А когда спустя еще час ее нашел я — пошатываясь и рыгая, отыскал палату Б-4 травматологического отделения больницы Святого Марка, пройдя мимо мальчика с проткнутым вилкой коленом, мимо громко стонущей женщины, сломавшей позвоночник в автомобильной аварии, мимо толстого бродяги с увесистым пластиковым мешком для инструментов в руке и торчащим из макушки горлышком гиннессовской бутылки, мимо нескольких явно здоровых беженцев, которым просто понравилось это место, мимо вежливого, но беспомощного швейцара, мимо чернокожей медсестры, мимо чернокожей сестры-хозяйки, мимо молодого бритоголового доктора и бесконечных белых квадратов света, простынь, линолеума, — она лежала, утопая в пухлых, как облака, подушках на феерически вознесенной кровати, с испуганным, вполне осознанным выражением обращенного самой себе упрека на полускрытом лице, и первая моя реакция была такова: мне захотелось ударить ее, ударить изо всех сил, дать ей что-нибудь, чтобы она исполосовала себе все вены, заставить ее увидеть, что она натворила, заставить ее расплакаться. И я почувствовал, что тоже сейчас заплачу, потому что я не Грегори, а она хотела видеть его, все хотели видеть его, не зная, чем он сейчас занимается, когда я пьян, а Урсула сошла с ума.

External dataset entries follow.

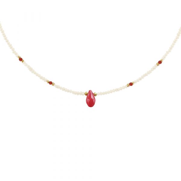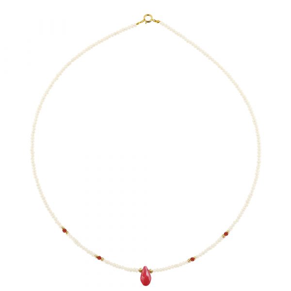 Κολιέ με λευκά μαργαριτάρια, κοράλλια και χρυσό κούμπωμα K14 – M121375
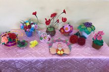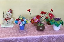 Тематическая выставка «Цветы из разного материала: атласные ленты, бисер, фоамиран, нитки,фетр, ткань,капроновые колготки, гофрированная бумага, мыло, картон, солёное тесто, макаронные изделия»
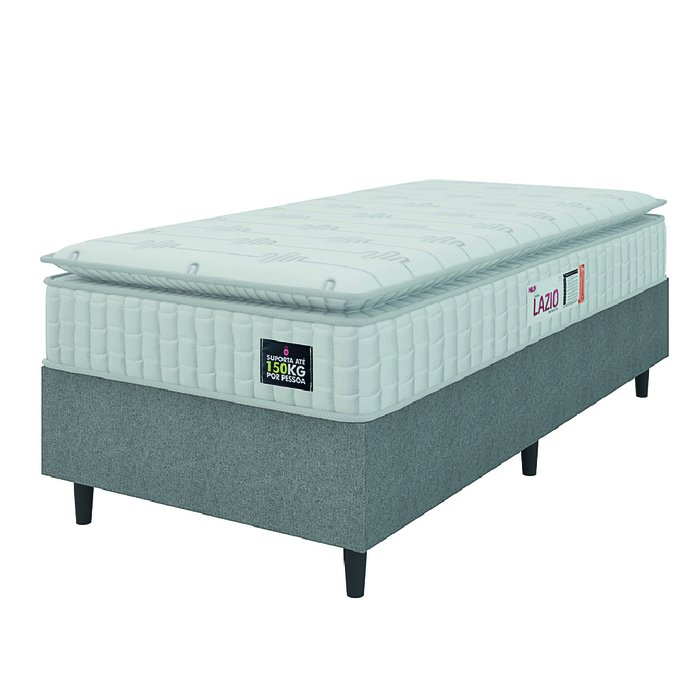 Cama Box Colchão Solteiro Espuma D45 Lazio Pillow Top 88x188x67cm Branco / Cinza Hellen
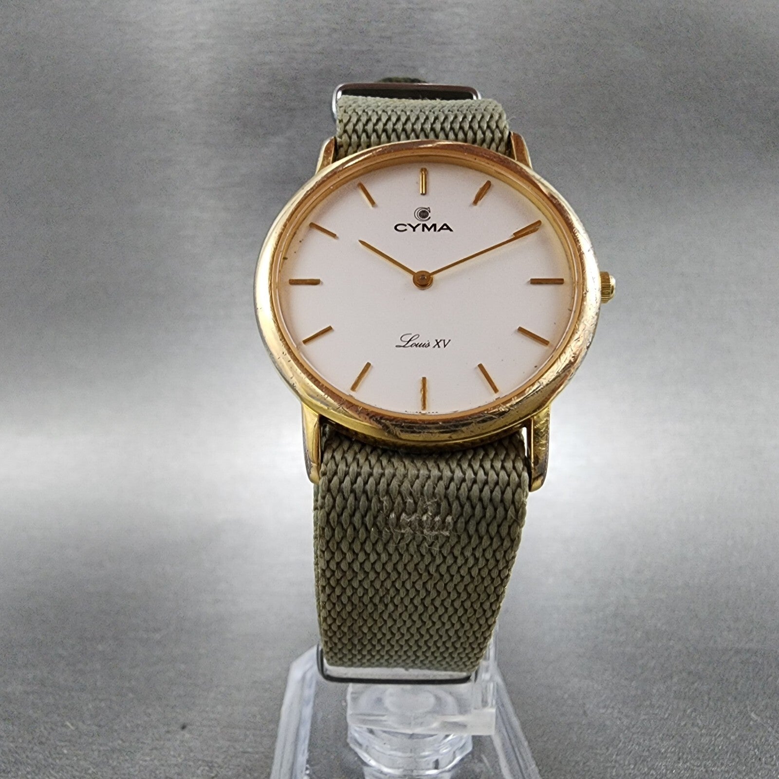 Cyma Louis XV Watch Men 32mm White Dial Gold Tone Round Nato Strap New Battery
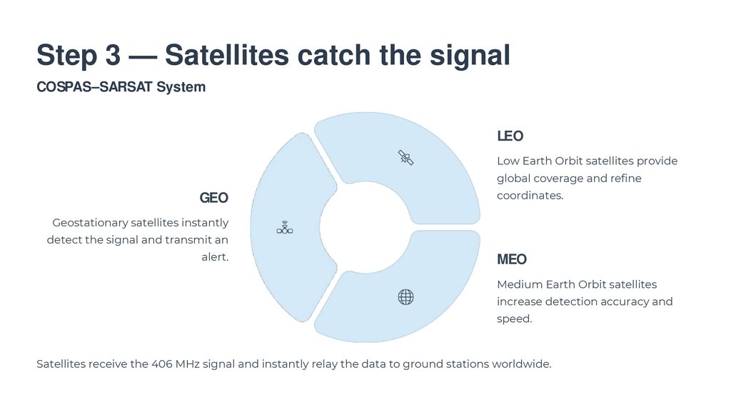 Step 3 — Satellites catch the signalCOSPAS–SARSAT System

— Ох, Рыжик, прости, — сказала она. — Только не говори маме и папе.

— Боже правый, Урсула, что, черт побери, ты натворила?

— Вены, — ответила она, протягивая свои перевязанные запястья.

— Да ради чего, черт побери?! Что могло с тобой такого страшного приключиться? Посмотри вокруг. Все это не имеет никакого отношения к тебе!

— Рыжик, ты пьяный.

— Само собой, черт побери. А что бы ты сделала на моем месте? И не называй меня Рыжик!

По договоренности с бритоголовым я оставался в палате час. Под конец Урсула вроде бы оклемалась.

— Надо что-то изменить, нельзя тебе больше так, — сказал я и, наклонившись, быстренько поцеловал ее на ночь. — Надо что-то делать.

— Зачем? Неужели нельзя просто об этом забыть?

— Тебе самой это не нравится, да и вся твоя жизнь там, — ответил я.

Я понял также, что и мне придется измениться. Мои расчеты того, как выжить и не сойти с ума на этой планете, явно оказались неверны. Многие гораздо уродливее и беднее меня, но словно не придают этому значения, в них нет этой ненависти и жалости к себе — сентиментальности, одним словом, — которые превращают меня в использованный гондон, трясущегося и бессильного психа. Я никогда не был таким уж обаяшкой, но теперь, дружок, о, теперь я буду гадом из гадов. Я вам еще покажу.

Я стою у высокого наклонного окна рядом с нашей квартирой, окна, которое терпеть не может сильного ветра. Грег спит. Джен ушла (мы больше не увидимся). На улице льет дождь, и стекло истекает слезами, слезами при мысли о несчастной Рози, но об этом надо забыть, да, об этом надо забыть и больше не вспоминать никогда.

— Здравствуйте, будьте добры мистера Телятко.

— Телятко слушает, — ответил Телятко своим спокойным и зловещим голосом.

— О, здравствуйте, мистер Телятко, это Теренс Сервис из…

— Доброе утро, Терри. Решился мне помочь?

Я ответил не сразу (знаете, Телятко — типчик еще тот).

— …Всем, чем могу, — сказал я наконец и рассмеялся.

— Что-что? Плохо слышно. Говори погромче.

— Простите, но это на линии!

— Я прекрасно знаю, что это на линии. Потому и прошу тебя говорить громче. То есть я хочу сказать… не надо быть Маркони, чтобы понять, что это на линии.

— Я сказал: всем, чем могу! Так слышно?

— Вполне.

Он попросил сделать для него кое-что. Звучало это вполне невинно, однако я не был уверен, что хочу, чтобы об этом узнали.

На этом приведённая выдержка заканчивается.